Despite what would appear to be a stabilizing process, the formation of SEI on the surface of lithium metal has failed to adequately protect lithium metal in long-term battery cycling and even against open circuit discharge.7 SEI layers are often structurally heterogenous, kinetically unstable during the lithium plating process and as such continually breakdown and reform over charge/discharge cycles, a process which depletes active lithium ions in the electrolyte and “dries” out electrolyte solvents.8 In order to combat these destructive side effects of lithium metal, critical information about SEI chemical composition, dynamic behavior during cycling and ability to enable homogenous lithium plating is needed. To tackle this difficult problem, novel electrochemical techniques are necessary, and one non-destructive method is in-situ operando FTIR spectroscopy.9 Lithium metal anodes can be formed in-situ on the surface of an inert electrode, while real-time IR spectra of the anode surface can be taken. This technique allows for dynamic measurement of the composition of the SEI, while the cell is cycled under various conditions electrochemical conditions.

The knowledge gained by such characterization can enable choices for electrolyte chemistries that form adequately passivating layers on lithium metal. Likewise, ex-situ artificial SEI compositions can be tested in real cells and have chemical changes tracked real-time. These chemistries must be able to prevent further reduction of electrolyte species, and furthermore accommodate the motion of lithium ions and the change in the lithium metal anode morphology over many cycles. By combining operando and in-situ measurement techniques, SEI chemical composition can be correlated to bulk cell performance, and therefore indicate what chemical moieties are good candidates. These factors make it critical to understand the behavior of the SEI on a molecular level, and connect that information to the mesoscale performance of lithium metal anodes, so that better performance can be enabled.

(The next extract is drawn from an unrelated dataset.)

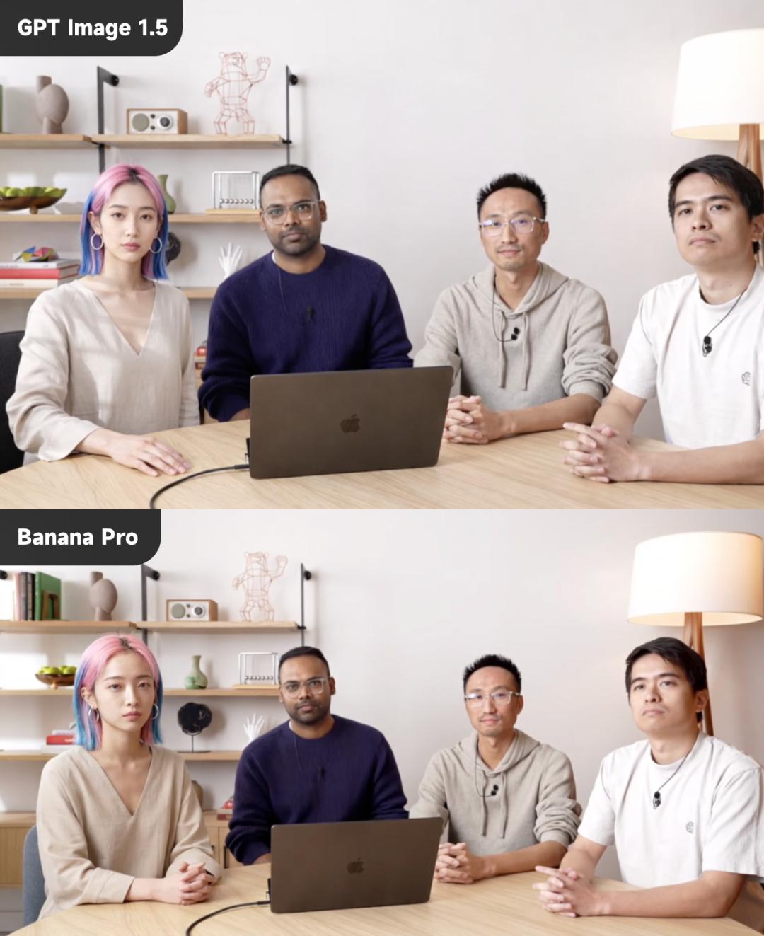 从光影感觉,人物比例和透视,Banana Pro更胜一筹,第一个的燃夏身上的衣服的光影明显就不对,然后明明是个圆桌,染夏是更靠近镜头的,所以肯定会显得大一点,原来的奥特曼也是这样,这就是最基本的近大远小。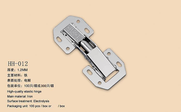 ![]() | Spring hinge /Bridge hinge /Frog hinge HH-012 HH- Product Name :Spring hinge /Bridge hinge /Frog hinge Material:Iron Surface treatment:Nickel finishing Usage:widely used to automatic Mahjong tables ,cabinet and other furniture opening angle:85~103 Thickness:1.0mm/1.2mm/1.5mm Packaging Details: 200 pcs or 300 package in bulk with a poly bag then pack into carton or as request from customer 1binet hinge,spring hinge. 2.One of our best selling hinge models,durable. 3. No hole boring or mounting plates required. | |||||

Figure 1. Schematic SEI formation in various non-aqueous battery systems. Reproduced from Ref. [8].

References:

1. Peled, E. The Electrochemical Behavior of Alkali and Alkaline Earth Metals in Nonaqueous Battery Systems—The Solid Electrolyte Interphase Model. J. Electrochem. Soc. 126 (12), 2047 (1979).

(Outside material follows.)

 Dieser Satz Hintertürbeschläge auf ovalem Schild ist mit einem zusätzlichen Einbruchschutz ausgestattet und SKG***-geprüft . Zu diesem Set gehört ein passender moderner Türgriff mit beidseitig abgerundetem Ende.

2. Xu, K. Nonaqueous Liquid Electrolytes for Lithium-Based Rechargeable Batteries. Chem. Rev. 104 (10), 4303–4418 (2004).

3. Xu, W., Wang, J., Ding, F., Chen, X., Nasybulin, E., Zhang, Y., Zhang, J.-G. Lithium Metal Anodes for Rechargeable Batteries. Energy Environ. Sci. 7 (2), 513–537 (2014).

4. Aurbach, D. A Short Review of Failure Mechanisms of Lithium Metal and Lithiated Graphite Anodes in Liquid Electrolyte Solutions. Solid State Ionics 148 (3–4), 405–416 (2002).

5. Aurbach, D., Markovsky, B., Levi, M. D., Levi, E., Schechter, A., Moshkovich, M., Cohen, Y. New Insights into the Interactions between Electrode Materials and Electrolyte Solutions for Advanced Nonaqueous Batteries. Journal of Power Sources 81–82, 95–111 (1999).

6. Wang, A., Kadam, S., Li, H., Shi, S., Qi, Y. Review on Modeling of the Anode Solid Electrolyte Interphase (SEI) for Lithium-Ion Batteries. npj Comput. Mater. 4 (1), 15 (2018).

7. Peled, E., Menkin, S. Review—SEI: Past, Present and Future. J. Electrochem. Soc. 164 (7), A1703–A1719 (2017).

8. Aurbach, D. Review of Selected Electrode–Solution Interactions Which Determine the Performance of Li and Li Ion Batteries. Journal of Power Sources 89 (2), 206–218 (2000).

9. Aurbach, D., Moshkovich, M., Cohen, Y., Schechter, A. The Study of Surface Film Formation on Noble-Metal Electrodes in Alkyl Carbonates/Li Salt Solutions, Using Simultaneous in Situ AFM, EQCM, FTIR, and EIS. Langmuir 15 (8), 2947–2960 (1999).